«Quando avvenne il cataclisma che noi chiamiamo diluvio oppure inondazione, tutta la razza umana perì a eccezione di Deucalione e Pirra che si rifugiarono sull’Etna, il monte più alto (si dice) che sorga in Sicilia. Essi non potendo sopravvivere per la solitudine, chiesero a Giove di concedere loro degli uomini oppure di annientarli come era successo agli altri.
Allora Giove ordinò di gettare delle pietre dietro la schiena: quelle gettate da Deucalione divennero uomini, quelle da Pirra donne. Questa è l’origine della parola laos (“popolo”), poiché in greco Laas significa pietra.»
Igino Astronomo, Fabulae, 153
Sicuramente un sasso è stato la prima forma di scultura dell’uomo, o almeno così dicono.
L’uomo primitivo ha da sempre raccolto sassi di svariate forme, dimensioni e colori che gli ricordavano qualcosa o ai quali attribuiva un significato.
Ma la scultura è una forma di pensiero che esiste nello spazio attraverso la materia, e il pensiero è l’azione primaria nella trasformazione della materia.
Pensiero è un termine che deriva dal latino pensum, e stava ad indicare un certo quantitativo di lana che veniva appunto “pesata” per poter essere infine passata alle filatrici le quali a loro volta avevano il compito di trattarla. Il “pensum” era quindi la materia prima, più grezza, designante metaforicamente un elemento o un tema che doveva essere secondariamente trattato, elaborato, dandogli così una nuova forma.

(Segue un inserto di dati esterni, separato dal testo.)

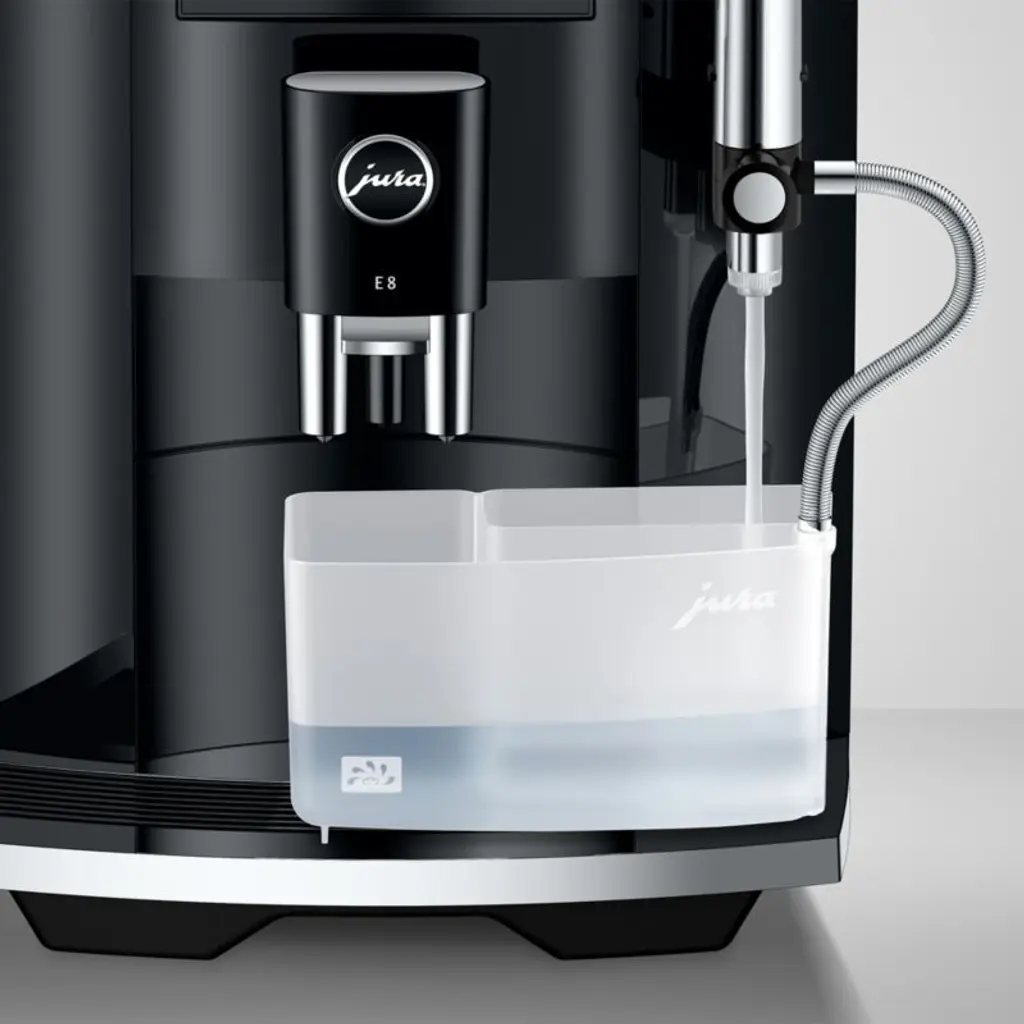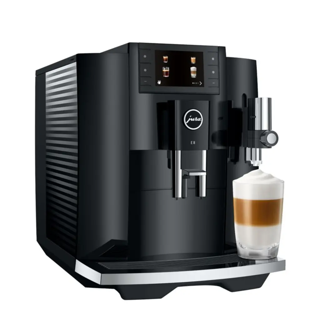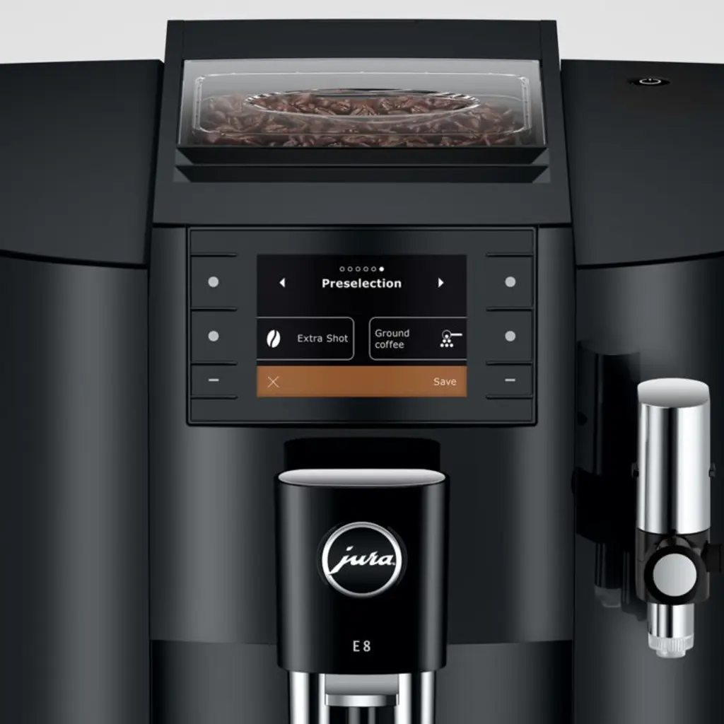 Now better than ever, the Jura E8 espresso machine is incredibly easy to use, combining state-of-the-art technology with a sleek modern design for delicious coffee. Prepare 17 coffee classics and specialty drinks at the push of a button for the same high quality you'd expect from a fine coffee bar. Thanks to the integrated coffee grinder, beans are always freshly ground, while an advanced brewing system ensures optimal extraction. It's simple to choose your favorite coffee drink with an enlarged and easy-to-use push-button display. To tailor Americanos to your liking there's a dedicated waterspout as part of the optimized fluid system. For those who like a more intense brew, the Extra Shot peps up cappuccinos or lattes. There's even one-touch cleaning of the milk system to keep your E8 primed and ready for your next coffee drink. Available in sleek black, this top-notch espresso machine delivers professional results for the home barista.Based in Switzerland, JURA has been creating inventive, high-end appliances since 1931 and has specialized in coffee and espresso machines since the 1980s.Need help choosing? View our JURA comparison chart.
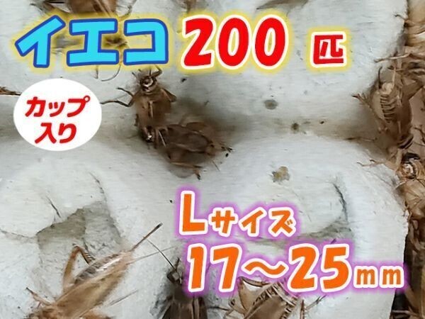 ヨーロッパイエコオロギ イエコ Lサイズ 15mm~20mm カップ入り 200匹 生餌 死着保証10% 爬虫類 両生類 トカゲ カエル [3677:gopwx]
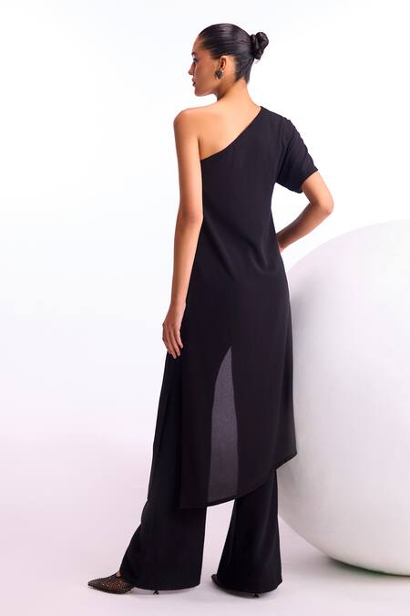 Black Textured Crepe Embellished Floral One Shoulder Nigella Top
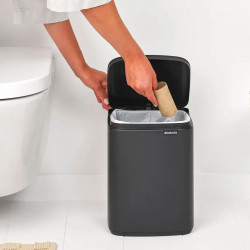 Вътрешната подвижна кофа гарантира лесно почистване и безупречна хигиена. Кошчето е снабдено с удобна дръжка за пренасяне и противоплъзгаща основа, която предпазва повърхностите от надраскване. За допълнително удобство получавате безплатен мострен пакет торбички PerfectFit (размер A), които прилягат идеално. Brabantia Bo Small съчетава елегантност и практичност, като същевременно е екологичен избор -изработен от устойчиви материали.
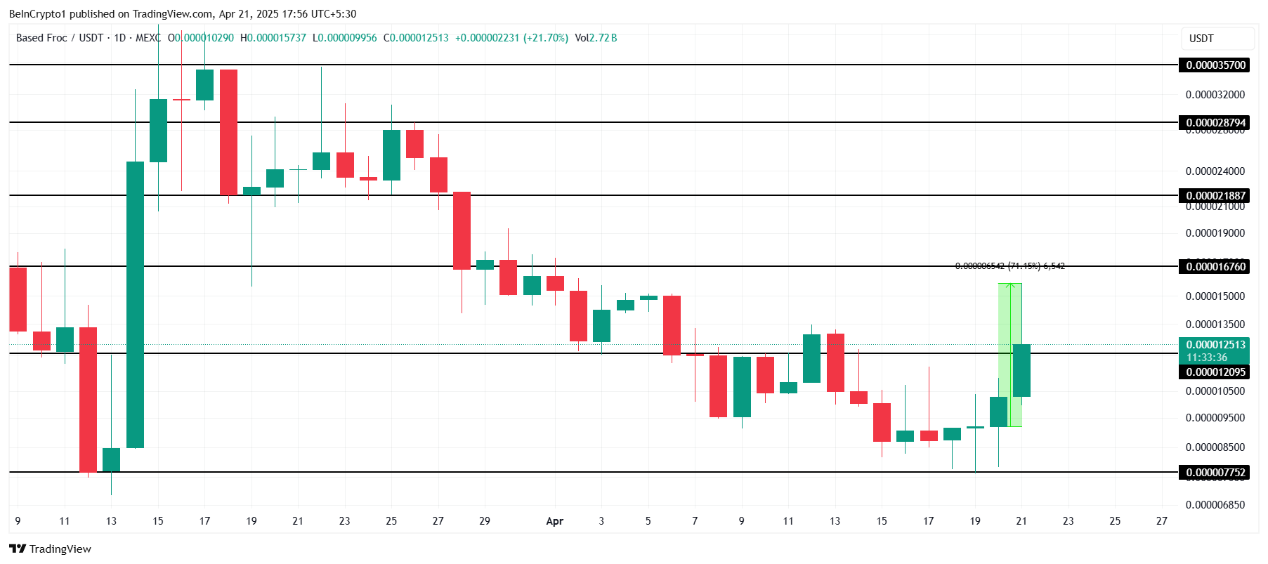 Based Froc (FROC) ledde dagens vinnarlista och steg nästan 71 % under dagens högsta för att ta förstaplatsen i CoinGeckos “groda-tema” kategori. FROC fick först uppmärksamhet i mitten av februari när en Coinbase-ingenjör introducerade det med Clanker, en AI-driven token-skaparbot från Farcaster.
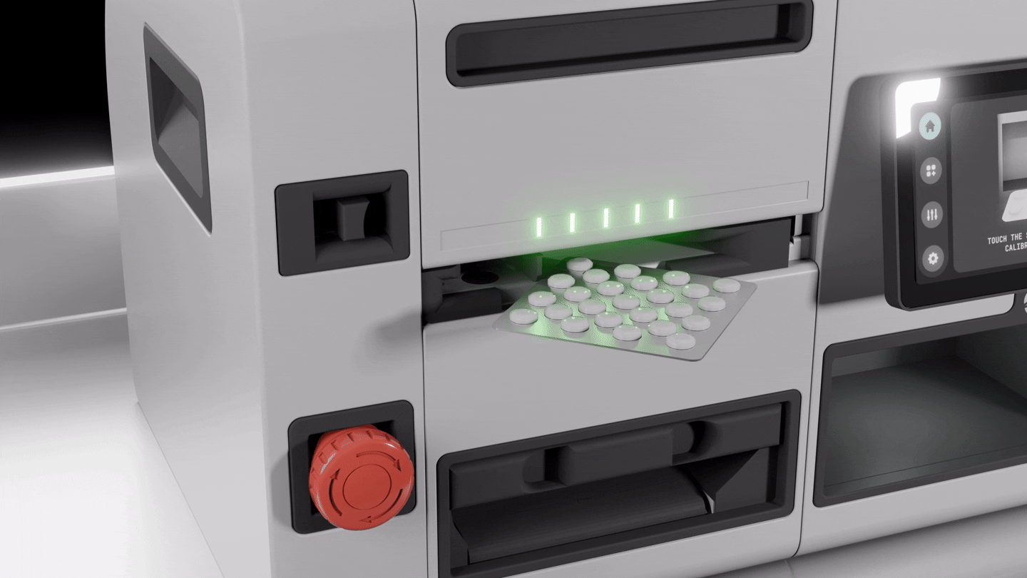 Additionally, this machine ensures compatibility with both even and uneven medication packet profiles thanks to the motorised ring support system, allowing for any type of medication to be calibrated and ready for deblistering.
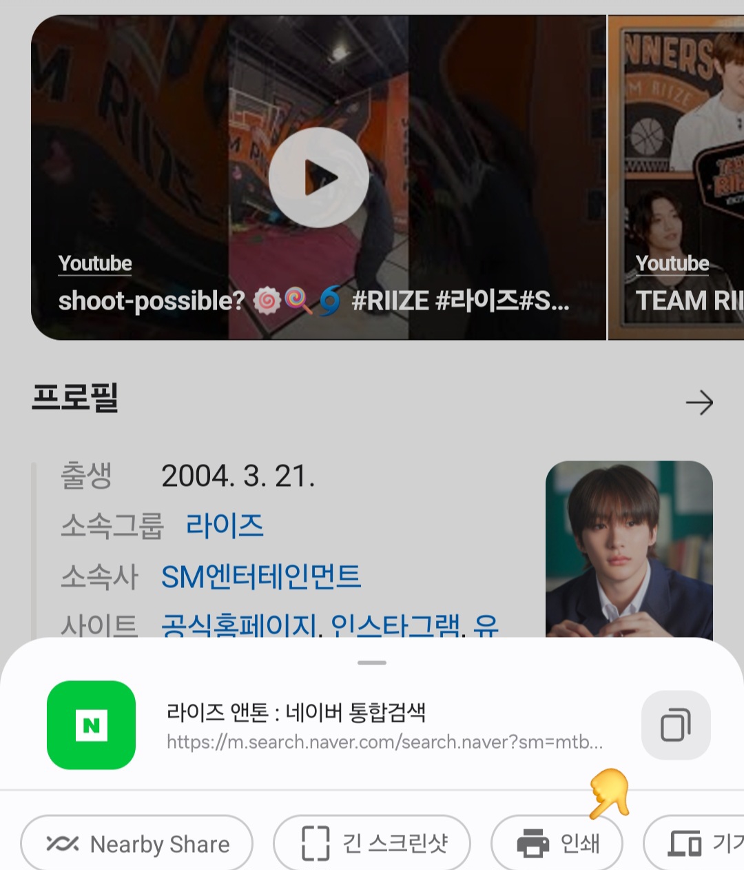 2. '공유' 클릭 후 공유창에서 '인쇄' 선택

Per il Castello Orsini di Fiano Romano, ho deciso di lavorare sul tema dei sassi come metafora del pensiero, ma benché l’uomo ha sempre cercato i suoi sassi nella natura, così come fecero Deucalione e Pirra per generare un nuovo genere umano, io ho dovuto cercare le pietre altrove, nella selva del nostro tempo, ovvero il digitale.

Ho chiesto al software di generare dei sassi, dai quali rielaborando la forma delle sculture, assegnando dei nuovi significati, così nella sala la ricerca dei sassi è messa in scena da tre rilievi retro illuminati, collegati insieme da un ulteriore stele-schermo che simula l’elaborazione della macchina, la quale legge il testo poetico scritto da Benedetto Tudino.
L’installazione multimediale diventa l’allegoria del nostro tempo, del rapporto con le tecnologie (con l’intelligenza artificiale) della nostra società, mortificata se non pensa ( o se non pesa) ad elaborare o rielaborare i significati provenienti da questo nuovo mondo.

Tutto comincia da qui! Tutto si decide ora.
Abbiamo toccato il fondo e possiamo rimanerci, farci prendere a schiaffi, oppure aprirci la strada lottando verso la luce.
Possiamo scalare le pareti, un centimetro alla volta, sono sassi.
Mi guardo intorno e penso che abbiamo commesso tutti gli errori possibili, ma non è detto che non si possa rimediare.
Anche se la vita è un gioco di centimetri, e il margine di errore è ridottissimo.
Un attimo un po’ in anticipo o in ritardo e manchiamo la presa del sasso che ci terrà aggrappati alla Terra.
Anche se non ce ne accorgiamo quel sasso è dappertutto, intorno a noi, ad ogni passo in ogni pausa.
Dobbiamo combattere, quel sasso va difeso con le unghie e con i denti, perché quando andremo a sommare gli attimi della nostra vita quel sasso farà la differenza.